The U.S. Securities and Exchange Commission (SEC) has issued a final rule that expands executive pay disclosure requirements for publicly traded U.S. companies, accompanied by a fact sheet summarizing the rule. The rule goes into effect for the 2023 proxy season or fiscal years ending on or after December 16, 2022. It implements requirements established by the 2010 Dodd-Frank Wall Street Reform and Consumer Protection Act.

The SEC first proposed a pay-versus-performance disclosure rule in 2015 and reopened public comments on the proposed rule in January 2022. The rule requires companies to provide detailed information about their performance metrics to determine executive pay. More specifically, the rule mandates that companies divulge the three to seven most important performance measures in an unranked list that they used to determine executive compensation in the most recently completed fiscal year. In addition, companies must explain how they calculate each specific performance measure and how they impact executive pay.

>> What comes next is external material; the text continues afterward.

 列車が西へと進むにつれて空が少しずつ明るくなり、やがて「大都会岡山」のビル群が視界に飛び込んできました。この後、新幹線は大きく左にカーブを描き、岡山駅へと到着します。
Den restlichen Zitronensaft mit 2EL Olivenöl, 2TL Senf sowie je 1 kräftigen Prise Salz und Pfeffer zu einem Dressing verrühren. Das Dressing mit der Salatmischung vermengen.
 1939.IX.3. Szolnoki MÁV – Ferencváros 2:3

In addition to the performance measures and the already-required executive-pay summary compensation table, large companies must provide a five-year history of pay versus performance-related metrics. In the first annual disclosure filing after the rule takes effect, large companies must include only three years of data. The disclosure must include the following information:

  • Total shareholder return (TSR);
  • TSR of companies in its peer group;
  • Net income; and
  • A company-selected financial performance measure that the company determines is the most important metric it uses to link compensation paid to its named executive officers with company performance.

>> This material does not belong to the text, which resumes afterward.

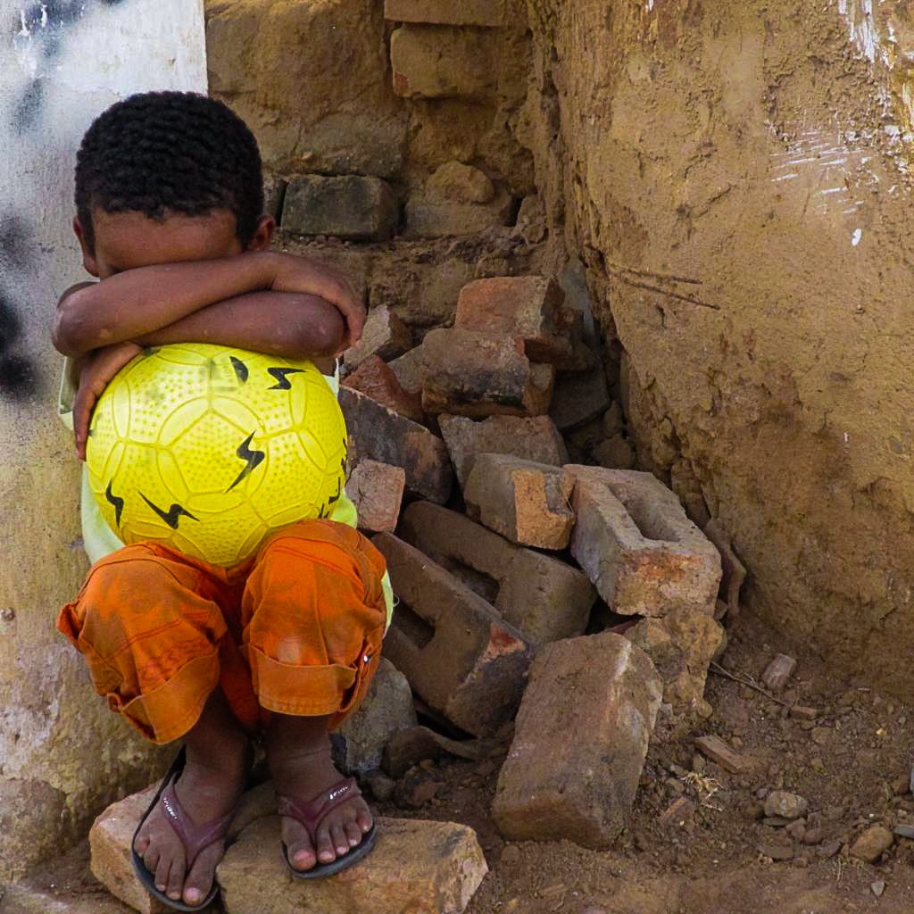 Descrição: "Entre o sonho de ser um grande atleta e os campinhos de chão do interior da Bahia, meninos brincam sob o sol que os queima, se sujam e se marcam da poeira que predomina no sertão da Bahia. Marcas de barro vermelho que suja suas roupas e sua pele. Entre o sonho de ser uma grande estrela de futebol e a timidez diante de uma câmera de uma curiosa fotógrafa. Menino esconde-se com as mãos, entrelaçando a bola amarela, mostrando no cantinho de parede a sua realidade social, a sua realidade que talvez nunca chegue a ser aquela que sempre sonhou. A de ser um jogador de futebol."

Smaller companies must provide a three-year history of the same information, although they may provide only a two-year history for the first annual filing after the rule takes effect.

Reporting companies also must describe the relationship between financial performance measures and the average compensation paid to the highest executive officer and other executive officers. Whether these new reporting requirements will be excessively burdensome depends on whether companies are tracking pay versus performance already. Even if companies already keep track of that information, they may have to provide it in a different format or calculate it differently than what they are doing now.

Although some commenters requested that the SEC require companies to disclose ESG or environment, social, and government metrics, the SEC declined to do so. Still, companies may supplement their mandatory disclosures by discussing ESG metrics or other nonfinancial performance metrics.